Today we’d like to introduce you to Sara Curry.
Sara, can you briefly walk us through your story – how you started and how you got to where you are today.
I got started in the field of yoga after a lifetime of contact sports and weight-lifting made me a 25-year old who couldn’t bend over to tie her own shoes. My husband worked an outrageously early morning shift, so at four am, I’d pull on underwear and pants in the dark and he’d put my shoes on my feet before he left for work.
A co-worker told me I’d love Bikram Yoga (insert finger wag and “You don’t know me” under my breath) and that I had to try it. I dragged my feet for months before signing up for my first class.
I know some people have a hard time with their first hot yoga class. I’m not that person. I love it from jump. Fifteen minutes into my first class I thought, “I’ll do this for the rest of my life.”
I loved that it was hard and hot and personal and sweaty. I loved that I had to face myself head-on every day, warts and all. I loved that I could come back and work on myself inside and out every single day.
Like most people with back pain, I got worse when I started yoga. Not knowing anything about yoga therapy, I thought I was supposed to “stretch out” my back pain and often told people my back felt “tight”.
My docs told me I could get surgery, injections or take opioids. I wasn’t having any of that nonsense.
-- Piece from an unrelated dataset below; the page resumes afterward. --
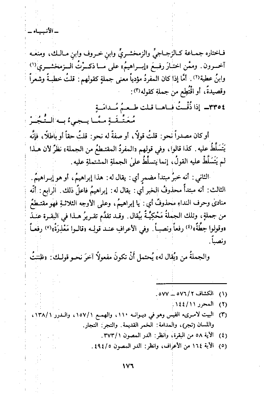 فاختاره جماعة كالزجاجيِّ والزمخشريِّ وابنِ خروف وابنِ مالك، ومنعه آخرون. وممَّن اختارَ رفعَ «إبراهيمُ» على ما ذكرْتُ الزمخشري وابنُ عطية. أمَّا إذا كان المفردُ مؤدياً معنى جملةٍ كقولهم: قلتُ خطبةً وشعراً وقصيدةً، أو اقْتُطِع من جملة كقوله: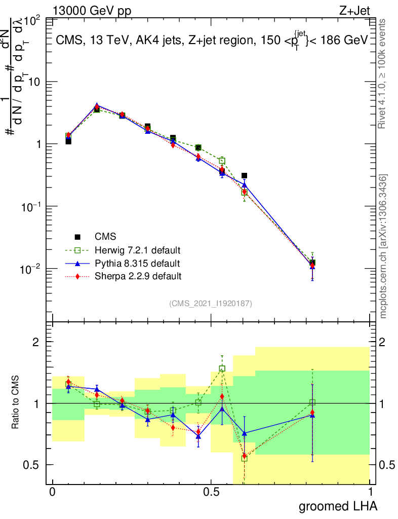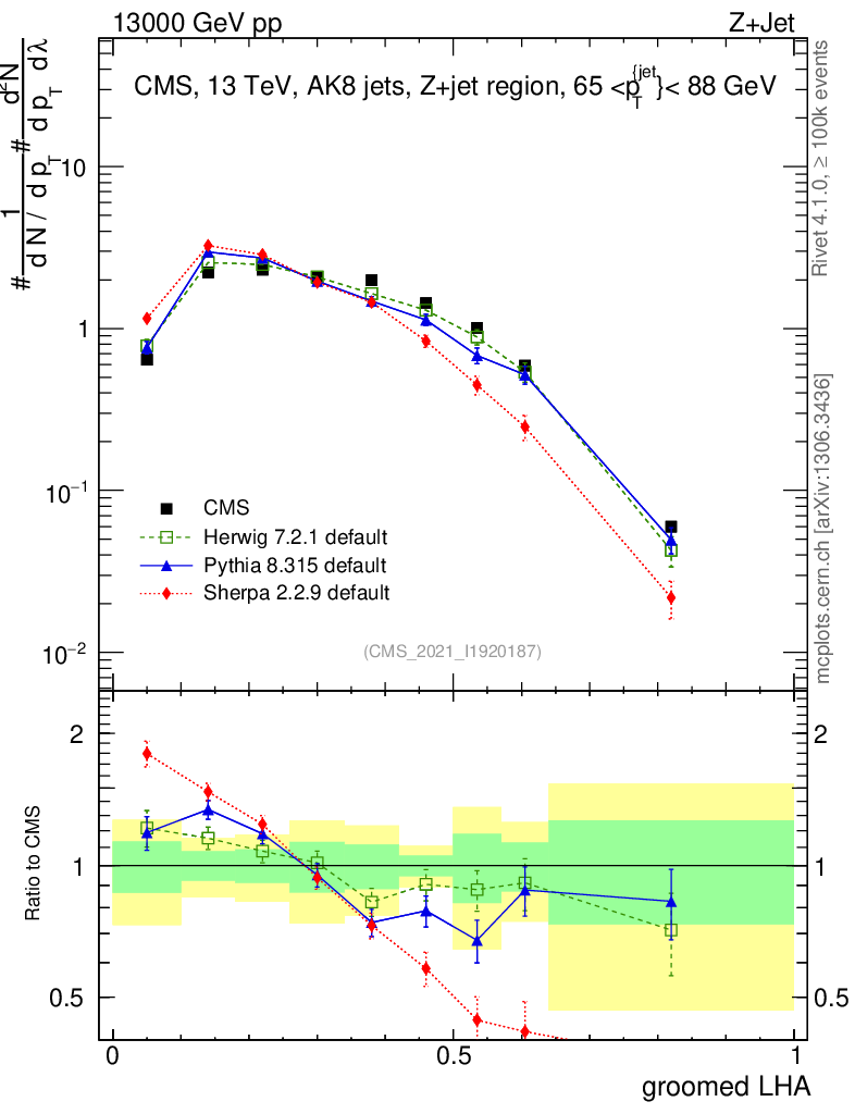Z+Jet : Generalized angularities : Groomed LHA λ

I’d just started this yoga and something felt right, even if I was in pain in most of the classes I took.
When I solicited my teachers’ feedback, they told me that most of our lives are spent in forwarding bends, so more forward bending would only exacerbate my herniated discs. I began working on traction exercises, hamstrings flexibility, abdominal toning and backward bends. With their support, I was 100% pain-free in 18 months.
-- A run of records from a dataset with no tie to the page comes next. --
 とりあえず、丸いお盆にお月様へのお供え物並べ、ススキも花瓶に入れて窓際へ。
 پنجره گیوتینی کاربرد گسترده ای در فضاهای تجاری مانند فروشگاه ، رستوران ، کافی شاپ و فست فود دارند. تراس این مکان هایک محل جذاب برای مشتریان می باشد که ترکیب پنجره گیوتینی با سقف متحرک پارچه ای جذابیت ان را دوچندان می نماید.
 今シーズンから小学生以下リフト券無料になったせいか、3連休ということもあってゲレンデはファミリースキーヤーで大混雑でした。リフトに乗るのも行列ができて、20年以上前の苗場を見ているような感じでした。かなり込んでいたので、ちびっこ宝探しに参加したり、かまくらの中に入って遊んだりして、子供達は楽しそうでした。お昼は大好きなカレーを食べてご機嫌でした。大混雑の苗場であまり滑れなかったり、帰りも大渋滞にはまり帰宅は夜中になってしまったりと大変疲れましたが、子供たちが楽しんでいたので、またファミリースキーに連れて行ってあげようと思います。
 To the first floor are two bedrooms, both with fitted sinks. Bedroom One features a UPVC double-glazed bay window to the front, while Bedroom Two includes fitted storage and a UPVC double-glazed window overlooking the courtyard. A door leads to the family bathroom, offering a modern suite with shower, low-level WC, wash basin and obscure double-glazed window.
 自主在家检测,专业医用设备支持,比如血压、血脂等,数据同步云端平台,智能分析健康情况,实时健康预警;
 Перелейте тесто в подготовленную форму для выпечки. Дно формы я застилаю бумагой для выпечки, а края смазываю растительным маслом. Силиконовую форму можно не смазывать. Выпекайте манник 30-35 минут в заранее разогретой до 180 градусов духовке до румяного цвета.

That was back in the early 2000s. Since then, I’ve had two pregnancies with no back pain. I live on a small homestead and we heat with wood that we harvest, split, haul, and stack, and I have no back pain.
The back pain recovery is a big draw for my students and a massive positive for me in my practice and my life. I came to this yoga to heal and be fit, but what I get from it is far beyond my expectations.
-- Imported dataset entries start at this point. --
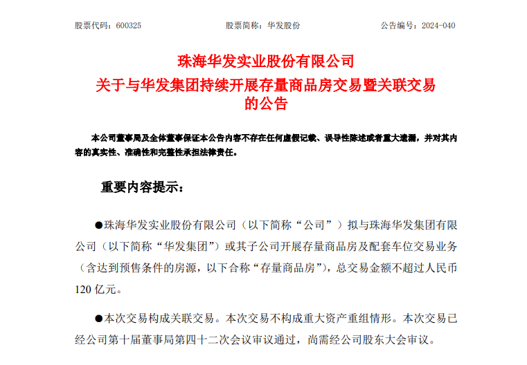 A股上市公司华发股份(600325)8月9日下午披露,公司拟与珠海华发集团有限公司(下称“华发集团”)或其子公司开展存量商品房及配套车位交易业务(含达到预售条件的房源,合称“存量商品房”),总交易金额不超过120亿元。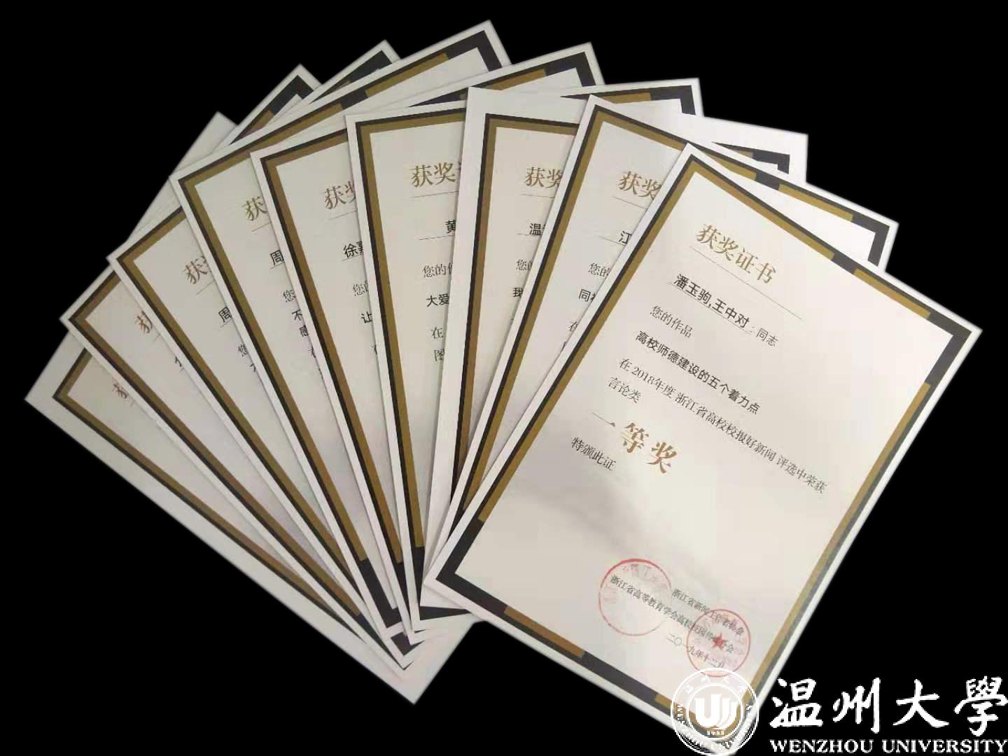 在2019年度浙江省高校校报好新闻评选中,日本a片 《高校师德建设的五个着力点》获得言论类一等奖,《 让“安心”和成绩单一起回家》获得言论类三等奖;《 那抹美丽的“温大红”》获得通讯类三等奖,《不忘初心服务人民 立德立言芳华永驻——记“2017感动温州十大人物”荣誉称号获得者李方华老师》获得通讯类三等奖;《 日本a片 自主研发蓝藻喷射处理装置近日下水》获得消息类一等奖,《传播华夏经典 重温故土文化》获得消息类三等奖;《日本a片 报》第196期-第02版、《日本a片 报》第194期-第01版获得版面类三等奖;《大爱温大,让折翼的青春再翱翔》获得新闻图片类二等奖,《 同祝福祖国好》获得新闻图片类三等奖。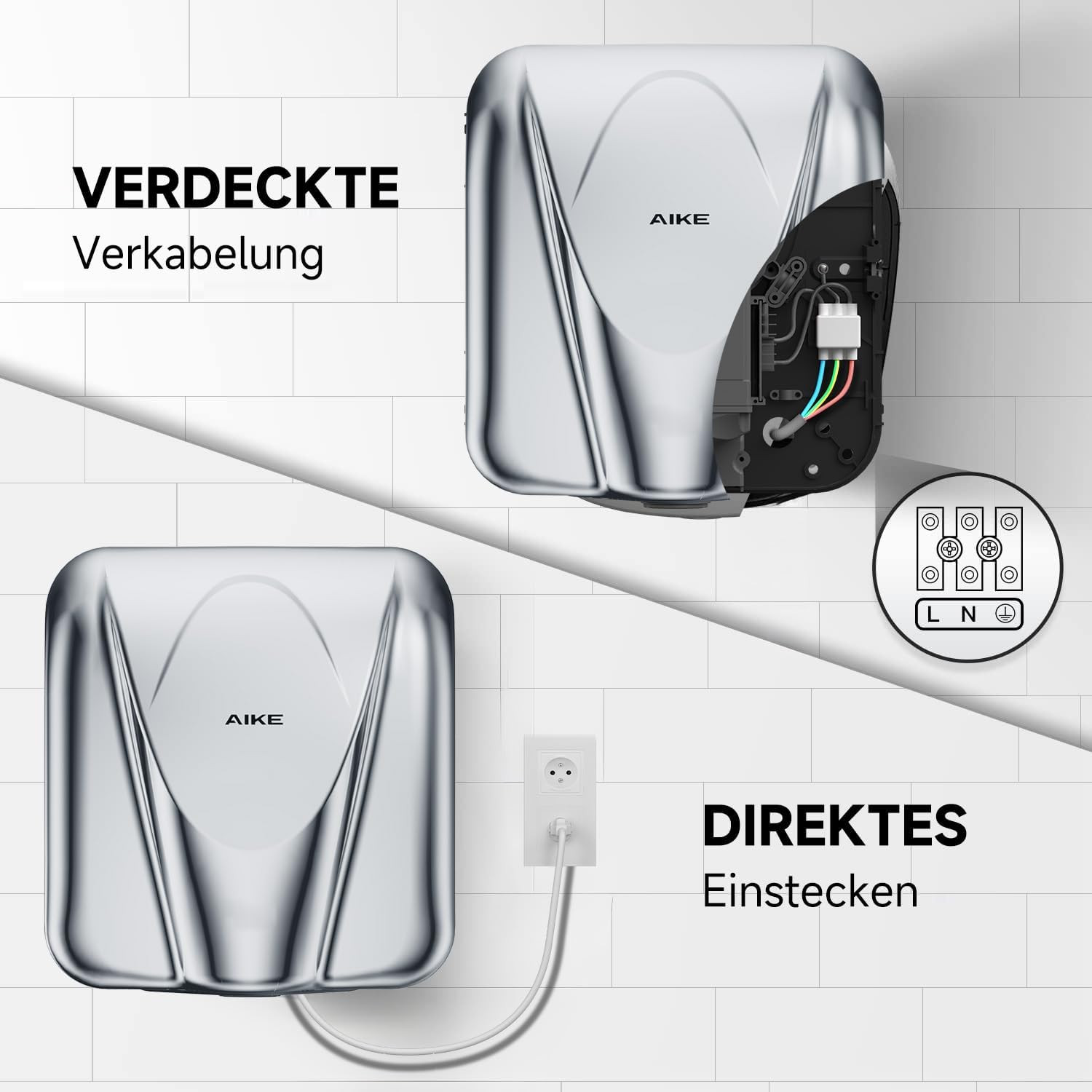 Az AIKE Elephant AK2812 rendkívül rugalmas telepítési lehetőségeket kínál. A készülék EU típusú C/EF csatlakozóval rendelkezik, amely 220-240V, 50/60 Hz hálózathoz csatlakoztatható. A 115 cm hosszú kábel lehetővé teszi a rugalmas elhelyezést, vagy eltávolítható a kemény bekötéshez.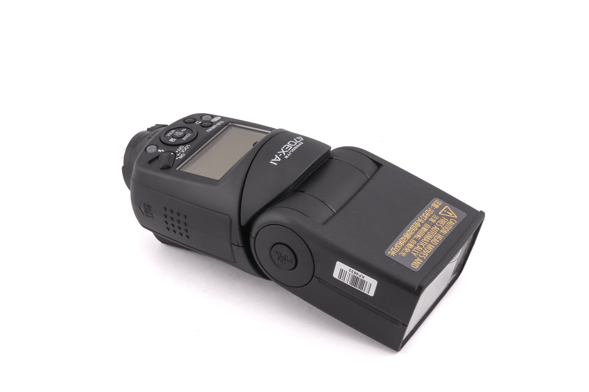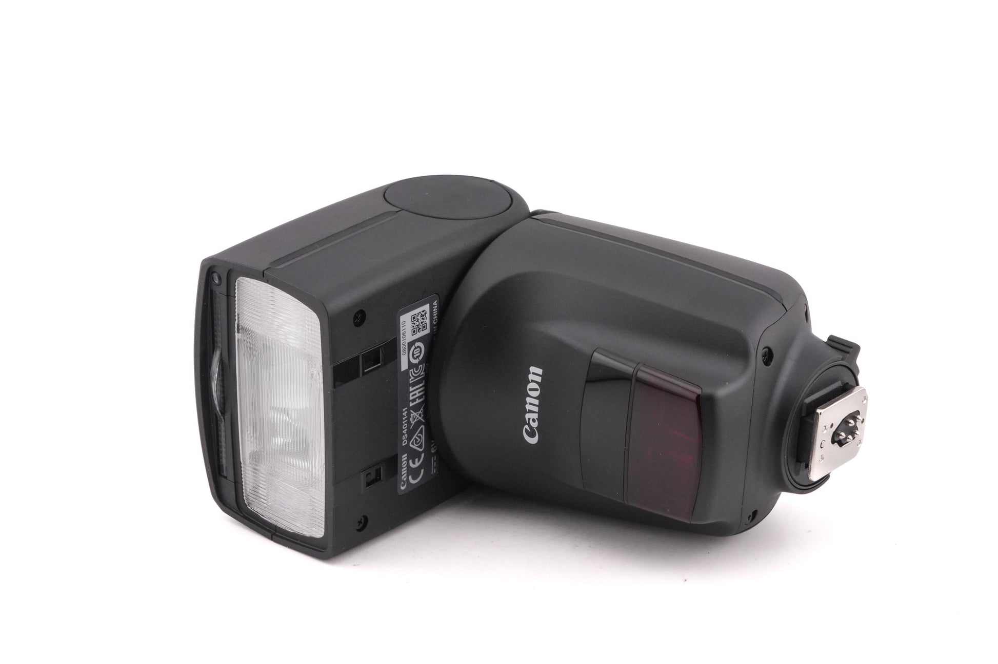 Flash made for EF/EF-S mount DSLR cameras by Canon. It has wireless receiver ability, a rotatable/tilting flash head, and a 24-105mm zoom head. Plastic body available in black.

I’ve healed my pain and eliminated my seasonal and pet allergies. I’ve maintained my strength and flexibility into my forties. I have experienced two healthy pregnancies with no major issues. I’ve controlled stress, depression, and anxiety and been able to navigate the ups and downs of my life with the steady constant of my practice.
Above all of that, I have learned to love myself from the inside out. Showing up on the mat every day has taught me to love, appreciate, and respect myself: however I arrive and whatever I can do. By cultivating respect and compassion for myself, I’ve learned to do the same for my fellow humans and I am a much better person, neighbor, friend, partner, colleague than I was seventeen years ago when I took my first class.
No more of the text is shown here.